For this, Francis is our saint. Bill McKibben doesn’t believe our politicians are capable of making the hard decisions that have to be made, and so he is calling for a people’s movement called 350.org on Saturday, October 24. He believes that it is going to have to be ordinary people seeing the world more as Francis saw it, as Jesus saw it, who will be able to bring the pressure and demand the actions necessary to protect our world and hundreds of millions of people whose lives will be devastated by rising sea levels, vast new areas of droughts, and intensifying storms.
Francis calls us to take our place in the great house of God that includes the whole world—every nation, every religion, every creature, every part of God’s creation. It is a house where different religions can live together in mutual respect, where we humans see the earth as a treasure to be honored and protected, where animals are not treated brutally for the sake of our dinner table or destroyed by our careless use of the earth. It is a home where the poor that Francis and Jesus loved are honored guests who are getting our nation’s best help.

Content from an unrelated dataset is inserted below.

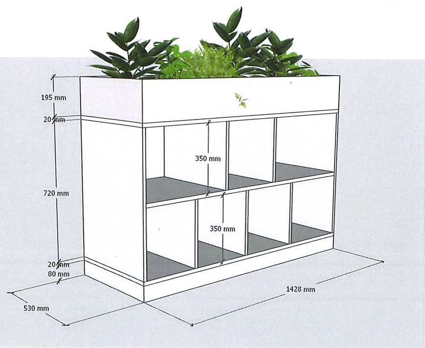 Standaard geleverd op een plint maar tegen meerprijs ook uitvoerbaar met wielen.
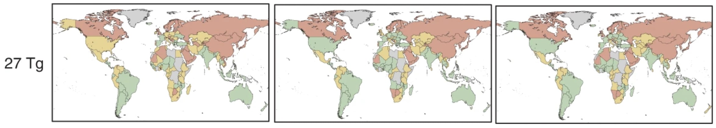 Another important dynamic is the different climatic impacts across countries. Here are the results from Fig. 4 of Xia 2022 for the 27 Tg scenario (closest to the 30 Tg expected by Luísa):

There is a church in London—St. James Piccadilly—that has caught St. Francis’s vision of the God of all creation. There the priest just after the Eucharistic prayer holds up the plate of bread and says,
We break this bread for those who worship the God of the Hindus, for those who follow the path of the Buddha, for sisters and brothers of Islam, and the Jewish people from whom we come. We pray that one day we may be one.
We break the bread for the earth we have plundered. We pray that one day the earth may reflect in all its fullness the glory of God.
We break this bread for those who have no bread, for the starving and the homeless, for all the people who are forced to be on the move. We pray that one day the planet will be a home for every living thing and person.
We break the bread for the broken parts of ourselves. We pray that one day we may know the wholeness of Christ.
That is the vision St. Francis gave us 800 years ago, and we are still trying to learn to see as he saw, and to follow Christ with his passion. Stay with us, Brother Francis. We need you.
(Thanks to Thomas Cahill in Mysteries of the Middle Ages for the history of Francis.)